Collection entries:
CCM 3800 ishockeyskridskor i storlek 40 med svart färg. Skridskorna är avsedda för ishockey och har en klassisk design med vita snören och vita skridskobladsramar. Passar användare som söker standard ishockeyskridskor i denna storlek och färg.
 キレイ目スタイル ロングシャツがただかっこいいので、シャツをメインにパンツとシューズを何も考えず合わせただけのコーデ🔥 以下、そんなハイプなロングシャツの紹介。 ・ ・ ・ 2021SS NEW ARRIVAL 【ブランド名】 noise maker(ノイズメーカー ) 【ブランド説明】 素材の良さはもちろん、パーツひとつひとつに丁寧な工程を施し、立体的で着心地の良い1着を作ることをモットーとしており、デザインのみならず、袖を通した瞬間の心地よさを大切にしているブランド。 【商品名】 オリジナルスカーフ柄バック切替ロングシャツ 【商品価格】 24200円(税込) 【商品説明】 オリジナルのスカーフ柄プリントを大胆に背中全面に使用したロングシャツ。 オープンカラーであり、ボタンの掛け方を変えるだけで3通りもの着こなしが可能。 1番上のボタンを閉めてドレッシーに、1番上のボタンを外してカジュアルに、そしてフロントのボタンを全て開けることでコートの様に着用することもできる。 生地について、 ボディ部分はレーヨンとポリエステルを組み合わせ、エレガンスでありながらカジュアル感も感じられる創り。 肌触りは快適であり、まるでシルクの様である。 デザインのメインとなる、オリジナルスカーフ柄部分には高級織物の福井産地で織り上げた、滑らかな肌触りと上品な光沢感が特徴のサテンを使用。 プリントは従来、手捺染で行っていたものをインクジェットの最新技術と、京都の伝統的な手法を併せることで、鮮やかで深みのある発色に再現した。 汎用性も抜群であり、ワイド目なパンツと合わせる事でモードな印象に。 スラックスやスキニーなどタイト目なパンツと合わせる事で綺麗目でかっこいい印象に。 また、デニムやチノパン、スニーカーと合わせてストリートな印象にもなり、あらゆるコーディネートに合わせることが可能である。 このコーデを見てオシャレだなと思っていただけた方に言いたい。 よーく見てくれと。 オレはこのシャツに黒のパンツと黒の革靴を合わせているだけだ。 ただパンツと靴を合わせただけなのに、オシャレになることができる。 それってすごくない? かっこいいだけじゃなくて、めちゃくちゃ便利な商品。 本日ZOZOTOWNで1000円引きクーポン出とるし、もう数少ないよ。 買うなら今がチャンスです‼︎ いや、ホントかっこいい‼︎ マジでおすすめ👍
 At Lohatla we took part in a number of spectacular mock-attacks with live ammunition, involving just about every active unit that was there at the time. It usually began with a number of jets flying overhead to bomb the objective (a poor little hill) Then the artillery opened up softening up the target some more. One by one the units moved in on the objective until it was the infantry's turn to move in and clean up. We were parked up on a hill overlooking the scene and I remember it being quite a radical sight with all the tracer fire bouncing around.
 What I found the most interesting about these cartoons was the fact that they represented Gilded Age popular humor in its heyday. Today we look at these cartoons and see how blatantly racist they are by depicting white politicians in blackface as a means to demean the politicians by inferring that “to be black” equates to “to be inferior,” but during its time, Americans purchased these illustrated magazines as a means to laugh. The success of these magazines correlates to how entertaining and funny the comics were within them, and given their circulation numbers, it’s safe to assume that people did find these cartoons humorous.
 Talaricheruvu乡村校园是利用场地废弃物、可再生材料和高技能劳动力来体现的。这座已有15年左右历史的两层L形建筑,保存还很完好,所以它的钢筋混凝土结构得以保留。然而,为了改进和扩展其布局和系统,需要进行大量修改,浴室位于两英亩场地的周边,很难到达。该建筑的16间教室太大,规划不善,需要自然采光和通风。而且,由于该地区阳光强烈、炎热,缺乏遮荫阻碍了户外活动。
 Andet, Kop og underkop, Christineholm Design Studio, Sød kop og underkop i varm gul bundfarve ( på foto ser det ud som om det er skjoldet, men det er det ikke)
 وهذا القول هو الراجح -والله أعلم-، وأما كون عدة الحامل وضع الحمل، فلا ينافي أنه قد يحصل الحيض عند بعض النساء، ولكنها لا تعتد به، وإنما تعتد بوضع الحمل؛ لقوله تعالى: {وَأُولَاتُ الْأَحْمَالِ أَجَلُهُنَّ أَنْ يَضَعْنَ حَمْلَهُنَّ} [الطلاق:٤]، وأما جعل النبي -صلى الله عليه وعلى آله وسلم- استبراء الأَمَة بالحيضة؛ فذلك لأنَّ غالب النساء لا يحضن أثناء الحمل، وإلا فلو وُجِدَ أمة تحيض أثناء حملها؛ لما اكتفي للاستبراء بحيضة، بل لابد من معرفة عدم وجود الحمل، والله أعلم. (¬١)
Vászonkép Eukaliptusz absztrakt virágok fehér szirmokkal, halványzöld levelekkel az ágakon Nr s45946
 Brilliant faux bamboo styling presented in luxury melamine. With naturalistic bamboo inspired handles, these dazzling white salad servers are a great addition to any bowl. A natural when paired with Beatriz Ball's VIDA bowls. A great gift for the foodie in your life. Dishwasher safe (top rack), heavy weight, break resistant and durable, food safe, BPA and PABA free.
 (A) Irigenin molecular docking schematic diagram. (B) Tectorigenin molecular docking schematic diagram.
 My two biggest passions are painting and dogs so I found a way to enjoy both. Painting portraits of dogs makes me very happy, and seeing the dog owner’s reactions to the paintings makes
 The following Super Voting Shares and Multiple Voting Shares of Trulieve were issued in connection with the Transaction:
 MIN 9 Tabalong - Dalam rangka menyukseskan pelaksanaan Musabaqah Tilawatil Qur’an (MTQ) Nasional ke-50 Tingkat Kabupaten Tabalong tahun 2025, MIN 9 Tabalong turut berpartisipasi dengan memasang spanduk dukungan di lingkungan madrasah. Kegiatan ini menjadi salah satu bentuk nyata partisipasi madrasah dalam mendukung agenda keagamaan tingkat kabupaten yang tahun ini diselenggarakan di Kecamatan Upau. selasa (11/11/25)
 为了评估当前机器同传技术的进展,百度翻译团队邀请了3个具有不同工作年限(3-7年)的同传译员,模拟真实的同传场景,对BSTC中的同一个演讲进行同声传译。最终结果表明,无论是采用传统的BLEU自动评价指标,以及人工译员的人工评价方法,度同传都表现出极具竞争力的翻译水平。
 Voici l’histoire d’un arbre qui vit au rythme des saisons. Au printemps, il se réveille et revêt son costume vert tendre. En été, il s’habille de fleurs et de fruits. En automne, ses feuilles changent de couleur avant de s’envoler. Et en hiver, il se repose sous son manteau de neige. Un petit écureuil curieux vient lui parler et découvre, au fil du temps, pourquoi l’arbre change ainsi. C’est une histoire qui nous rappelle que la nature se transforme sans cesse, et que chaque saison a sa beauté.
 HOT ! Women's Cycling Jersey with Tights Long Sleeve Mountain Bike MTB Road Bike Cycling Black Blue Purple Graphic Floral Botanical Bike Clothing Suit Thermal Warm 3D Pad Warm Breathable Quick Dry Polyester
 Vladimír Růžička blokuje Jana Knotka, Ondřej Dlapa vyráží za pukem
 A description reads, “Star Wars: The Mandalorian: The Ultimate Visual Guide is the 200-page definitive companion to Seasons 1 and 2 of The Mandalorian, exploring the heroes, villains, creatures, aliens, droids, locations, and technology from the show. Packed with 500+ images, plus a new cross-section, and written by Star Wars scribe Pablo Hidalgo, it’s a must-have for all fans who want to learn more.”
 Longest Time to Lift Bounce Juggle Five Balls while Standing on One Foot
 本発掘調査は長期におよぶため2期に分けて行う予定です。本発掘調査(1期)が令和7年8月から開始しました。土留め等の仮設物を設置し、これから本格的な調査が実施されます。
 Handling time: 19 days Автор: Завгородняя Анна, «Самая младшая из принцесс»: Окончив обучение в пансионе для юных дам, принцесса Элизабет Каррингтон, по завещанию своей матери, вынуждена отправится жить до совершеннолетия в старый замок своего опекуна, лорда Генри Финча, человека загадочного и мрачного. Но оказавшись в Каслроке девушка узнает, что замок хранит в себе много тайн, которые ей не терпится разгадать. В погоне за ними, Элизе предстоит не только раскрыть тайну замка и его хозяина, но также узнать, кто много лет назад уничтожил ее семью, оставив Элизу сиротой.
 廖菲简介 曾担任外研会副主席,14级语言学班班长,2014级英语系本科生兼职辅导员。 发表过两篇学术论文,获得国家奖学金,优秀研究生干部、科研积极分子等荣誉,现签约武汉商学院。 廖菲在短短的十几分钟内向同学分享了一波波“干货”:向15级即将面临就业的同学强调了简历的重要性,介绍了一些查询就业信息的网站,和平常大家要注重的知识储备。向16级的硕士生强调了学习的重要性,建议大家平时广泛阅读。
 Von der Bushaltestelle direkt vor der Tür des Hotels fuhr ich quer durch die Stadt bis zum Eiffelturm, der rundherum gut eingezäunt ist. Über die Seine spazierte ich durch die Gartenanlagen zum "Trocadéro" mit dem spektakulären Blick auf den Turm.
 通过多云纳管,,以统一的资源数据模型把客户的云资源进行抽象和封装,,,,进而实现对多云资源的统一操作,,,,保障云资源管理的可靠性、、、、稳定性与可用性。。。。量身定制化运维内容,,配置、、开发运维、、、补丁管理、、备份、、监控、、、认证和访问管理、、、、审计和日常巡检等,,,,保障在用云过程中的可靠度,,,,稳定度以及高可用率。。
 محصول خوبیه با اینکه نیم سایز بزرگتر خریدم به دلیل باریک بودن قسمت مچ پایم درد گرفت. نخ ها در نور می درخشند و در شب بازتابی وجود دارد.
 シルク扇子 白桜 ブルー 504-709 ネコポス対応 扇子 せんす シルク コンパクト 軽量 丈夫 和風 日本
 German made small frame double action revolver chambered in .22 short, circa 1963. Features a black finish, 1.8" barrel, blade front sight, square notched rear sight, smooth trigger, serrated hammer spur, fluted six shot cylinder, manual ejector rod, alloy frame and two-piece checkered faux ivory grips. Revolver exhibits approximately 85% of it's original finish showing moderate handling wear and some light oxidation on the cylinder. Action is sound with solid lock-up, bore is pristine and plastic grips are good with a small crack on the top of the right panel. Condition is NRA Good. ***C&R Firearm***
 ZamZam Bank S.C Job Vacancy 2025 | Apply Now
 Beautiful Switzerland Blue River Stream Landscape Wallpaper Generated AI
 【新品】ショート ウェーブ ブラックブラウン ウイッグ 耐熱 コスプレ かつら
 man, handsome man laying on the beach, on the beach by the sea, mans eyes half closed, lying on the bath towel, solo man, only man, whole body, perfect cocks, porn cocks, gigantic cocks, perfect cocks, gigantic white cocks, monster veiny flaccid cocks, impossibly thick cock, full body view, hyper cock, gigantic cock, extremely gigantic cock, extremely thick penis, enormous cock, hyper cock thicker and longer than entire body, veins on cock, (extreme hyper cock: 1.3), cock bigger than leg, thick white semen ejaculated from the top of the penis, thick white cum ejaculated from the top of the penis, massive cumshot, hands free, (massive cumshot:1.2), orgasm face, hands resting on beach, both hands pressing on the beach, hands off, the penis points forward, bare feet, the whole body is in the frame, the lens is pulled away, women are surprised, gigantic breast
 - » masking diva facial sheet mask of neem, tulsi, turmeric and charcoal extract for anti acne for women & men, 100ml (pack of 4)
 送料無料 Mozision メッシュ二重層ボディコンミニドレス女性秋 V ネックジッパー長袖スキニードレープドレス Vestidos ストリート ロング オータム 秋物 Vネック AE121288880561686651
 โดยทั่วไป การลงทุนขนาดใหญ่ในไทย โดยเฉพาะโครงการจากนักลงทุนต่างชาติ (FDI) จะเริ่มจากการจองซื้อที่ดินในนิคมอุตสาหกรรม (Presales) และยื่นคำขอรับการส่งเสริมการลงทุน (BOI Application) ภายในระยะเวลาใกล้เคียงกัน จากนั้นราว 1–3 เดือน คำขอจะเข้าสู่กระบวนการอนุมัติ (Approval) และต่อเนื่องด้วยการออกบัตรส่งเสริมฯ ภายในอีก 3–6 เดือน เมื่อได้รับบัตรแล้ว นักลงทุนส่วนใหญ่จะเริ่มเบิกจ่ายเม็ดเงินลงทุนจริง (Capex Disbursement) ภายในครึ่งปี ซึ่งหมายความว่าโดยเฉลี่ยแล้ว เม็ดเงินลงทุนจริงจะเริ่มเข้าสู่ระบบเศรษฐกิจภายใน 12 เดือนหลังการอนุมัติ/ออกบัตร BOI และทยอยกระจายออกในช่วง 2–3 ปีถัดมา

§ **Assigned task**: Nothing but an exact copy of the lines from the start of the entries through the line containing "At Lohatla we" belongs in the response.

§ **Solution**:
CCM 3800 ishockeyskridskor i storlek 40 med svart färg. Skridskorna är avsedda för ishockey och har en klassisk design med vita snören och vita skridskobladsramar. Passar användare som söker standard ishockeyskridskor i denna storlek och färg.
 キレイ目スタイル ロングシャツがただかっこいいので、シャツをメインにパンツとシューズを何も考えず合わせただけのコーデ🔥 以下、そんなハイプなロングシャツの紹介。 ・ ・ ・ 2021SS NEW ARRIVAL 【ブランド名】 noise maker(ノイズメーカー ) 【ブランド説明】 素材の良さはもちろん、パーツひとつひとつに丁寧な工程を施し、立体的で着心地の良い1着を作ることをモットーとしており、デザインのみならず、袖を通した瞬間の心地よさを大切にしているブランド。 【商品名】 オリジナルスカーフ柄バック切替ロングシャツ 【商品価格】 24200円(税込) 【商品説明】 オリジナルのスカーフ柄プリントを大胆に背中全面に使用したロングシャツ。 オープンカラーであり、ボタンの掛け方を変えるだけで3通りもの着こなしが可能。 1番上のボタンを閉めてドレッシーに、1番上のボタンを外してカジュアルに、そしてフロントのボタンを全て開けることでコートの様に着用することもできる。 生地について、 ボディ部分はレーヨンとポリエステルを組み合わせ、エレガンスでありながらカジュアル感も感じられる創り。 肌触りは快適であり、まるでシルクの様である。 デザインのメインとなる、オリジナルスカーフ柄部分には高級織物の福井産地で織り上げた、滑らかな肌触りと上品な光沢感が特徴のサテンを使用。 プリントは従来、手捺染で行っていたものをインクジェットの最新技術と、京都の伝統的な手法を併せることで、鮮やかで深みのある発色に再現した。 汎用性も抜群であり、ワイド目なパンツと合わせる事でモードな印象に。 スラックスやスキニーなどタイト目なパンツと合わせる事で綺麗目でかっこいい印象に。 また、デニムやチノパン、スニーカーと合わせてストリートな印象にもなり、あらゆるコーディネートに合わせることが可能である。 このコーデを見てオシャレだなと思っていただけた方に言いたい。 よーく見てくれと。 オレはこのシャツに黒のパンツと黒の革靴を合わせているだけだ。 ただパンツと靴を合わせただけなのに、オシャレになることができる。 それってすごくない? かっこいいだけじゃなくて、めちゃくちゃ便利な商品。 本日ZOZOTOWNで1000円引きクーポン出とるし、もう数少ないよ。 買うなら今がチャンスです‼︎ いや、ホントかっこいい‼︎ マジでおすすめ👍
 At Lohatla we took part in a number of spectacular mock-attacks with live ammunition, involving just about every active unit that was there at the time. It usually began with a number of jets flying overhead to bomb the objective (a poor little hill) Then the artillery opened up softening up the target some more. One by one the units moved in on the objective until it was the infantry's turn to move in and clean up. We were parked up on a hill overlooking the scene and I remember it being quite a radical sight with all the tracer fire bouncing around.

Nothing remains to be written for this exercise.